By Tom Westbrook
SYDNEY (Reuters) - Rio Tinto said on Tuesday it will sell its Hail Creek coal mine and the Valeria coal project in Australia to Glencore for $1.7 billion, tightening the Swiss trading and mining giant's grip on coal as its rivals exit the industry.
Glencore's move follows its acquisition of half of Rio Tinto's Hunter Valley coal operations, also in Australia, for $1.1 billion in a deal with China's Yancoal Australia Ltd last year.
Not only is Glencore the world's biggest exporter of thermal coal used for power stations, but Hail Creek gives it a bigger stake in metallurgical coal used for steel-making.
"You've got one of the few big companies, in Glencore, that is both willing and able and clearly likes coal strategically and has been acquiring these assets," said Paul Gait, an analyst at Bernstein in London.
The sale consists of Rio's 82 percent interest in the Hail Creek operating mine and its 71.2 percent interest in the Valeria project, the company said in a statement.
Analysts said the price looked good for Rio Tinto but not too expensive for Glencore.
"Given we all expected a $2 billion to $2.5 billion number for Hail Creek plus Kestrel and the other stuff, it's a pretty big number," said Shaw and Partners analyst Peter O'Connor in Sydney.
Rio Tinto said it planned to use the sale proceeds "for general corporate purposes", potentially disappointing investors who were hoping the cash would be handed back to shareholders.
Gait said that he was bullish on metallurgical coal prices, now above $200 a tonne, which would help justify the price Glencore agreed to pay.

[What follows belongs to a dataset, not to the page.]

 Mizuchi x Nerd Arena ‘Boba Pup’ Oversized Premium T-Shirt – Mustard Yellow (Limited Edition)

"Glencore clearly have synergies in terms of both the operating and, physically, the marketing of these assets and when I look at the price that they've acquired these things for, it doesn't seem to me to be exorbitant," he said.

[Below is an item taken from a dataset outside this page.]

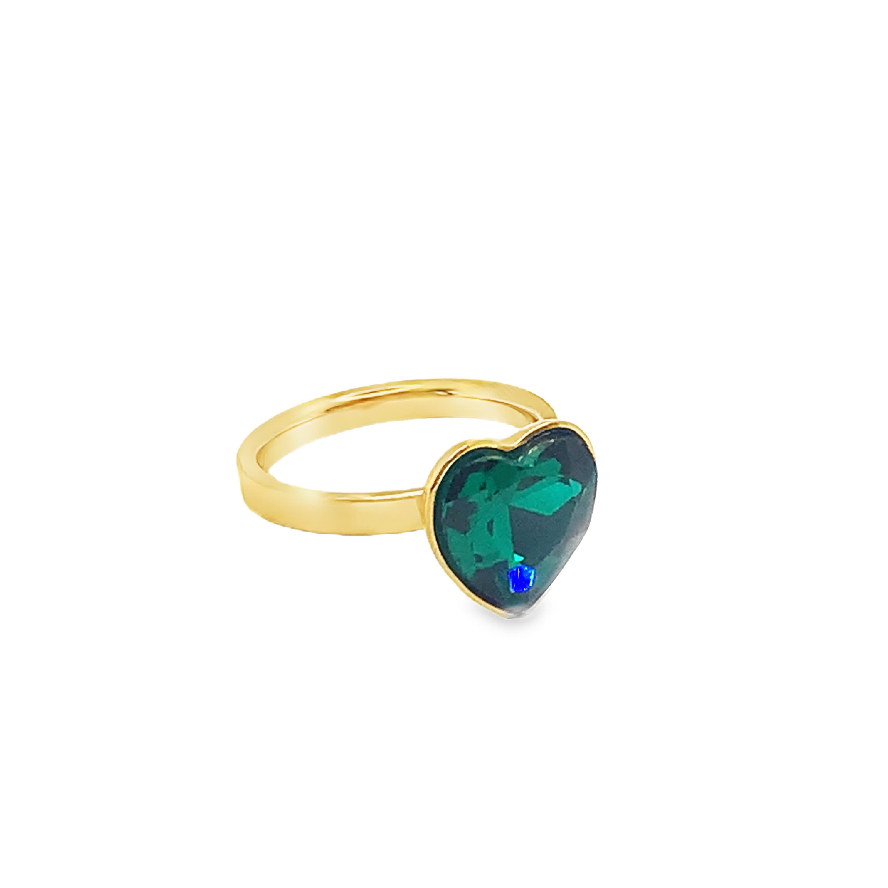Pierścionek z szmaragdem w kształcie serca, wykonany w kolorze żółtego złota

Rio Tinto made a strategic decision in 2017 to exit coal and focus on growth in iron ore, copper and its aluminium division.
The deal is subject to regulatory approvals and is expected to be completed in the second half of 2018, Rio said.
The remaining 18 percent of Hail Creek is owned by units of Nippon Steel and Sumitomo Metal Corp, Marubeni Corp and Sumitomo Corp, which all have rights to sell their stakes to Glencore, which it said in a statement would cost up to $340 million.
Glencore declined to comment further on the acquisition.
Nippon Steel declined to comment on its intentions. Marubeni and Sumitomo had no immediate comment.
Rio Tinto is still looking to sell its remaining Australian coal assets -- the Kestrel coking coal mine and the Winchester South development project.
Bidders in the running include private equity firm EMR Capital with Indonesia's Adaro Energy, Australia's Whitehaven Coal and a consortium led by Apollo Global Management, Reuters reported earlier in March.